He didn’t nuzzle. He dove for me, biting the sensitive skin right between my neck and shoulder. I was sure I had a bruise from last night, but that didn’t prevent him from biting just as hard as when he held me under him during the night. My hips bucked back. Instinctive.
“Get you cleaned up to make you dirty again,” he threatened.
“You don’t have to do that.”
I blushed. I was as bad at getting out of sex as I was getting into it. Whatever I did last night worked. I bent down to set my new guitar in its case, and Thorne dove on me. Ripped my clothes off. Entered me before I said a word.
I liked it that way. Spontaneous and passionate. I didn’t have to think. Didn’t have to worry. Thorne devoured my body, and I let him.
I wanted him.
Except now my nerves frayed like snapped guitar strings, and I counted the hours until I had to free myself from Anathema long enough to betray it.
Or was I saving it?
Or was I just saving my own ass and pretending that I had any control over anything that endangered the club?
Thorne ignored me. I gasped as he reached down and grabbed right between my legs. His fingers parted the slickness, and he chuckled at the mess between my thighs.
“You do need a shower.” He whispered into my ear. His finger wove a dizzying melody over the little sensitive nub I once tried so hard to avoid. My body jerked against his hand. It only made me messier. “Or maybe you need another load inside you?”
He was vulgar. He was harsh. He was as honest as any man I ever met, and he delivered that honesty with brute force and unapologetic lust.
My body responded. I had no idea what was right or wrong, good or bad. I also didn’t dare ask Thorne. Submitting to his desires was far safer than understanding mine.

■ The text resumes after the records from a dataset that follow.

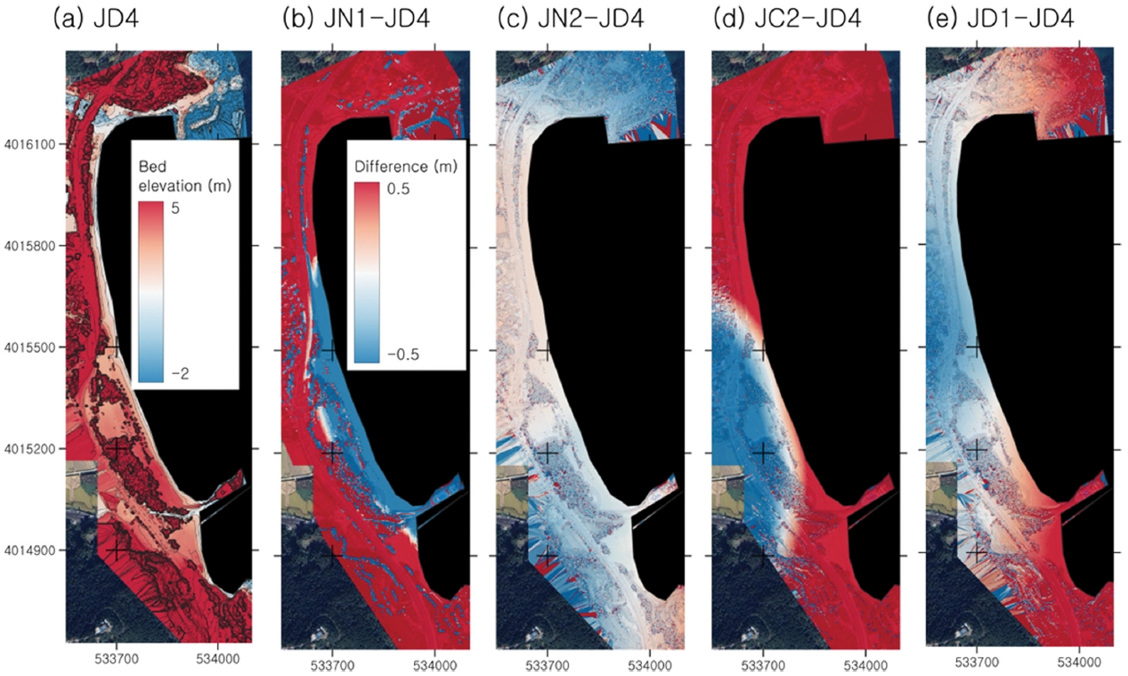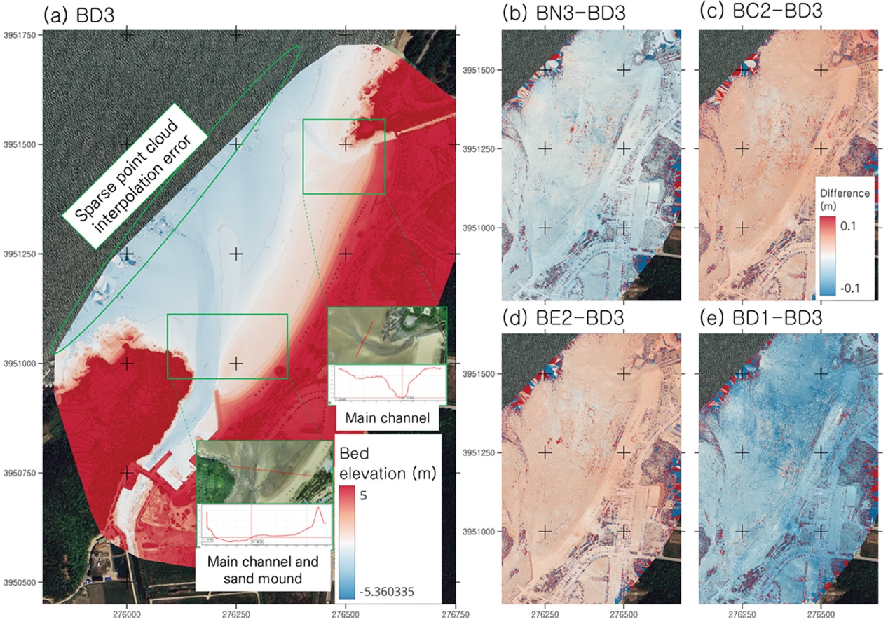 Fig. 5(a)와 6(a)는 가장 많은 GCP를 사용한 케이스(JD4, BD3)의 표고 등고선을 나타낸다. 또한, Fig. 5(b)-(e)와 6(b)-(e)에는 JD4와 BD3을 각각 장사해수욕장과 변산해수욕장의 기준 케이스로 설정하고, 이들을 기준으로 이동형 GCP만 사용한 경우, 중앙부 고정형 GCP만 활용한 경우, 비대칭 배치 또는 적은 개수의 GCP를 넓은 영역에 분산 배치한 경우 등 다양한 조건에서의 상대 표고차를 시각화하였다. 여기서 붉은 색은 기준 케이스보다 표고가 높은 지역, 파란색은 낮은 지역, 하얀색은 표고차가 거의 없는 지역을 의미한다.
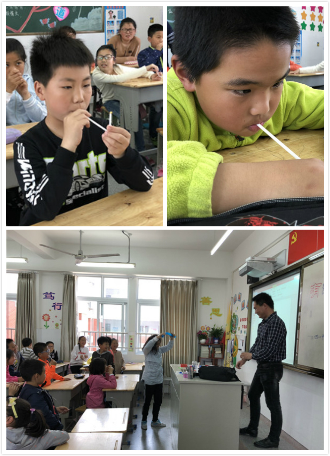 矿泉水瓶子为什么会瘪掉?对着细口漏斗吸气可以吸住乒乓球,吹气为什么也能吸住呢?小豆子为什么能浮在空中跳舞?大吸管怎样能吸出彩纸屑?实验真有趣,队员们被深深吸引住了,教室里弥漫着探索与发现的兴奋和喜悦。
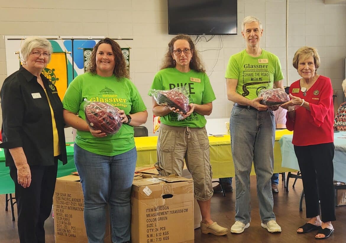 The Pilot Club of Prattville, at their October 5 meeting, presented 50 bicycle helmets to the Montgomery Bicycle Club. MBC refurbishes and re-homes unwanted bikes and these helmets will be given to individuals who adopt bikes or people who don’t have helmets or have outgrown their helmet.
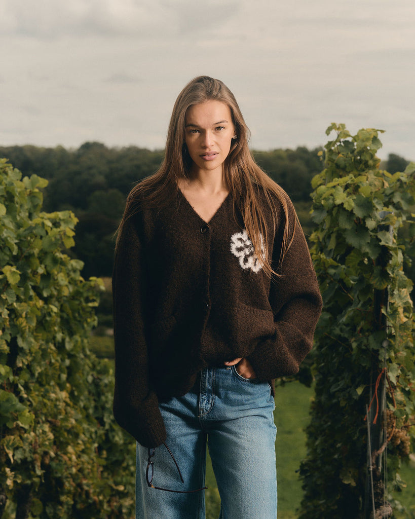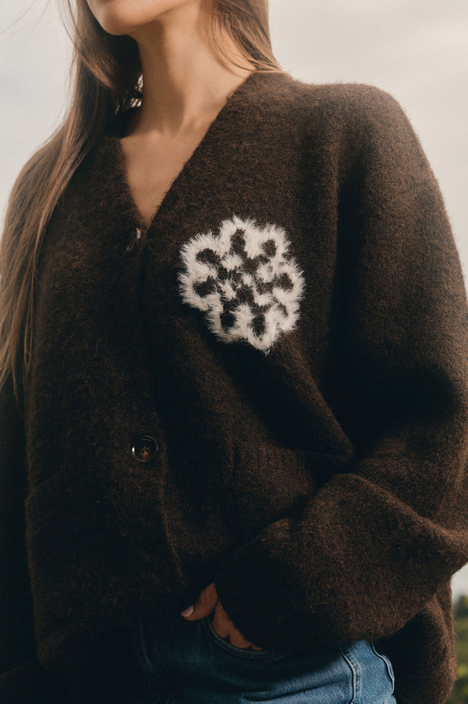 BRUSHED KNITTED CARDIGAN - CHOCOLATE
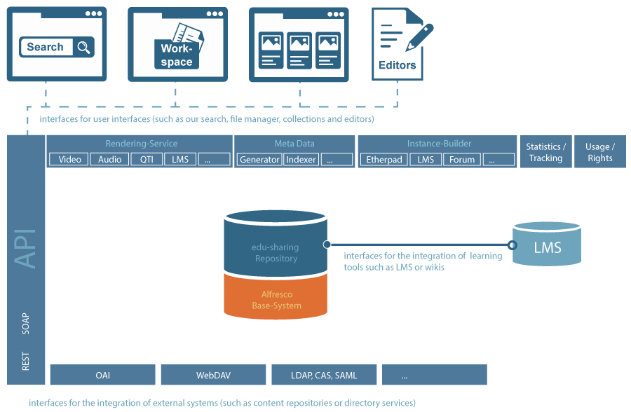 Über die edu-sharing REST API können weitere Applikationen an das Repositorium angeschlossen werden.
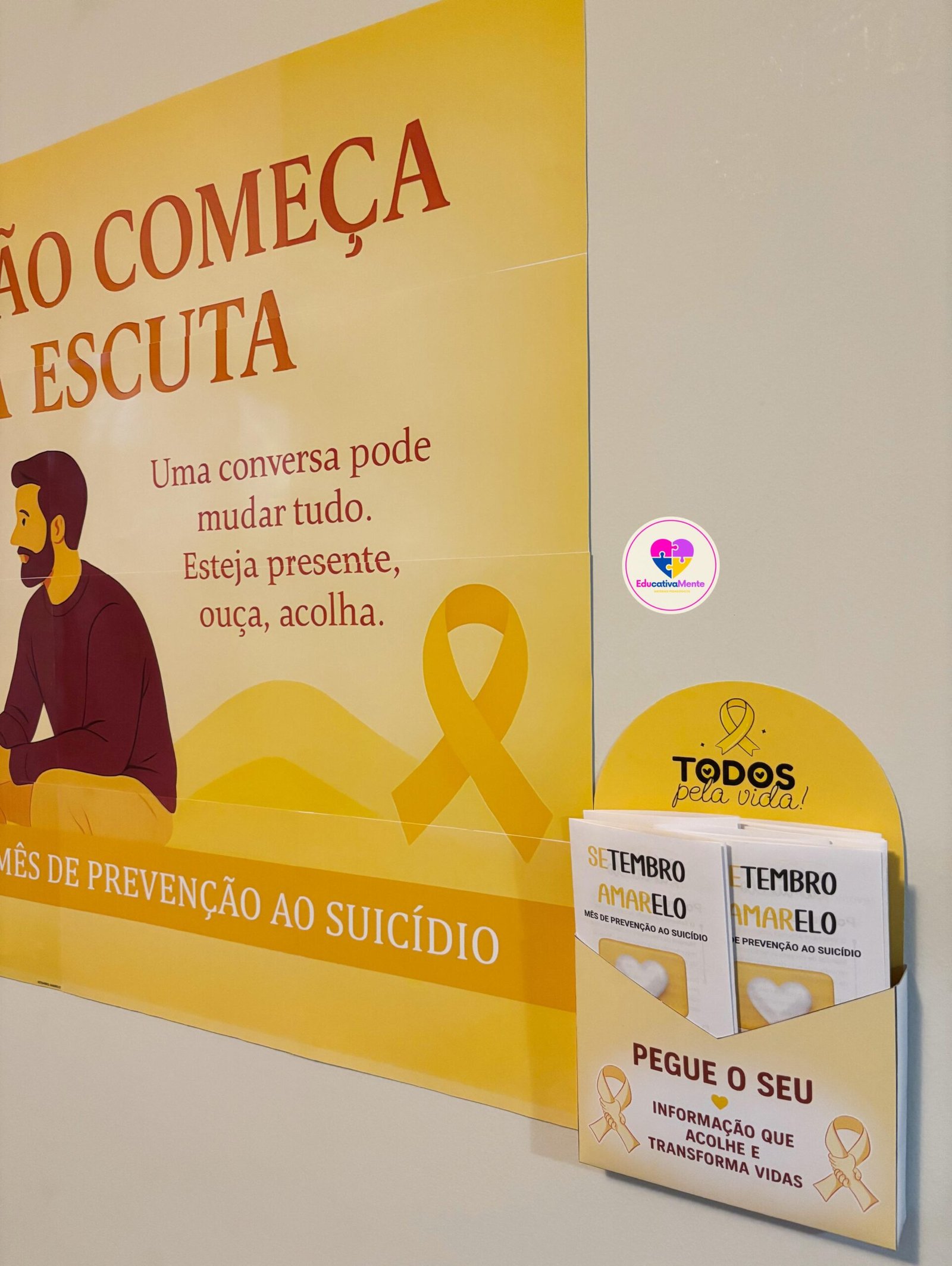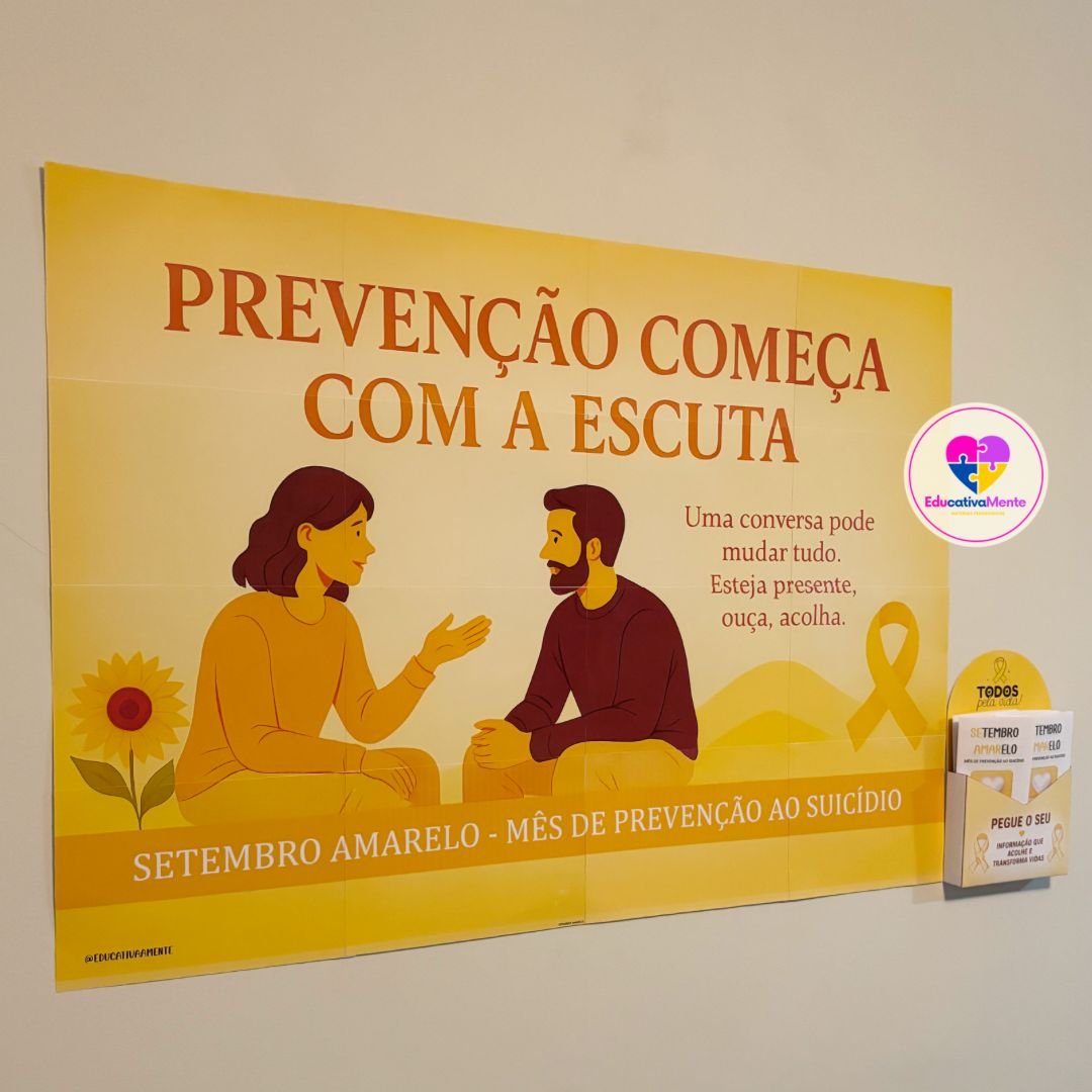 Kit Setembro Amarelo em PDF com painel, folder e moldes prontos para imprimir, ideal para ações de conscientização que reforçam a importância da escuta e do acolhimento.
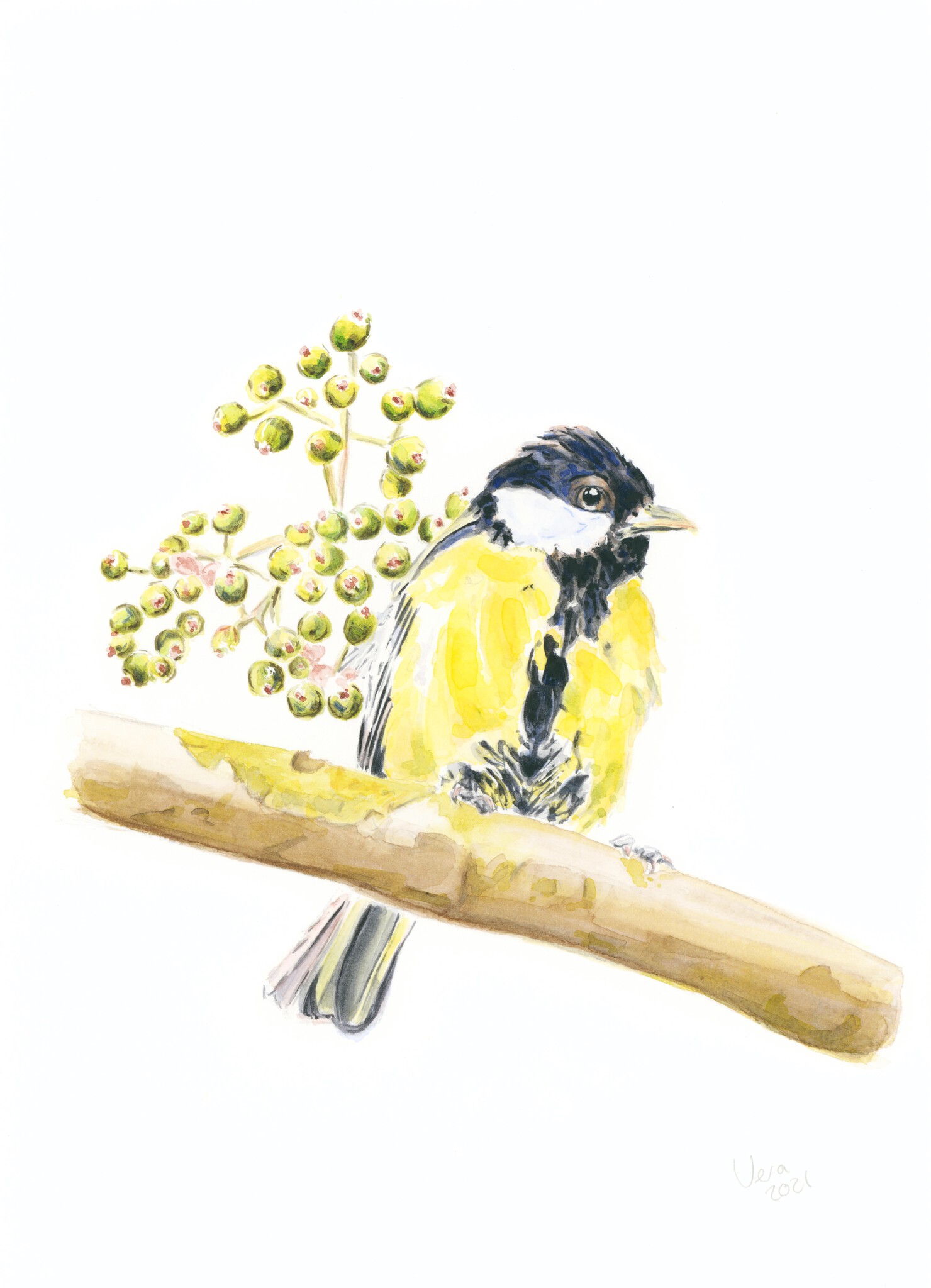Koolmeesje Tuinvogel Bosvogel Vogel Dier Aquarel
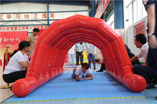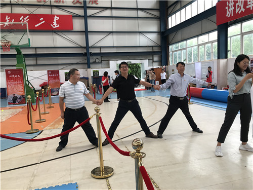 黨課后,參會(huì)人員來到公司籃球館參與主題黨建活動(dòng)?;顒?dòng)根據(jù)長(zhǎng)征路線的重要地點(diǎn)和發(fā)生的重要事件,設(shè)置了“翻雪山”、“過草地”、“飛奪瀘定橋”、“遵義會(huì)議”“四渡赤水”、“激戰(zhàn)臘子口”、“三軍會(huì)師”等七個(gè)游戲,參加活動(dòng)的人員隨機(jī)組建成“薪火相傳”、“錚錚鐵骨”、“眾志成城”、“百煉成鋼”、“勇往直前”五支隊(duì)伍參與活動(dòng)。
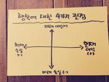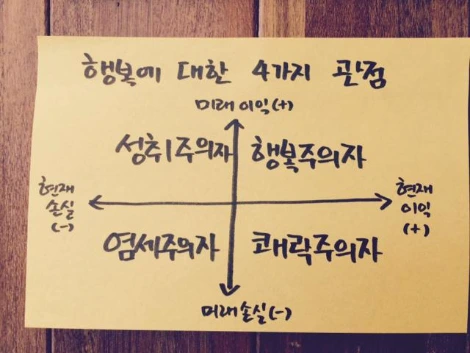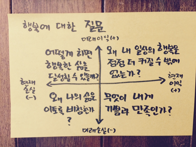 현재 일어날 손실과 미래 삶에서 일어날 손실에 대해 걱정하는 사람을 '염세주의자'라고 해 보자. 현재의 삶에 대해서도 부정적인 입장이고, 미래의 삶에 대해서도 부정적인 관점으로 바라보고 있다. 염세주의자의 관점에서 '행복한 삶'에 대해 질문을 만들어보라고 한다면, 어떤 질문을 만들 것 같은가? 현재의 삶에 대해서는 부정적이지만, 미래의 이익에 촛점을 두고 있는 '성취주의자'는 행복한 삶이란 핵심단어를 놓고 뭐라고 물을까? 미래의 장기적인 이익은 생각하지 않고, 당장의 만족을 추구하는 쾌락주의자에게 '행복한 삶'을 묻는다면 어떤 질문을 할까? 현재와 미래의 행복 모두를 중요시하는 '행복주의자'에게 질문을 만들어보라고 한다면?

Especially as his fingers circled that part of me that only he had ever made quiver, shake, and wet. I never explored there, never touched, never let myself feel anything. But he did. Every motion of his finger or lick of his tongue played me like his own instrument. He ripped the moans from my throat and silenced the same sound with his lips or, in a moment of my own bravery, his cock.
His finger entered me, and both of us sang our relief. His cock flexed hard along my ass. My body wanted more than just his finger. I wetted around him, hot and frantic and as revealing as any words I might have said or hints I may have dropped.
I wasn’t used to such intense seduction. I could sing a sexy melody, feel the thick beat within my belly, but Thorne didn’t let me explore my body’s reactions.
Maybe if I had asked.
Maybe if Thorne learned what had happened…
I regretted that thought as soon as it prickled my mind. The memory fractured through my arousal. I stiffened.
I didn’t want him to know.
But, Christ. He’d find out.
For as much as I wished to hide it, he figured it out. He had been inside me. Asked the questions. Probably realized it the first minute he saw me naked.
My skin was unblemished, but that didn’t mean the handprints weren’t as obvious as the bands of ink binding his chest. Keep and Brew didn’t know about the abuse. But if Thorne pieced to together, it was only a matter of time before they learned someone hurt their sister.
And then all hell would break loose.
For as many nights as I cried myself to sleep wishing for my brothers to help me, nothing would be more horrible than revealing the truth to the men I loved most in this world.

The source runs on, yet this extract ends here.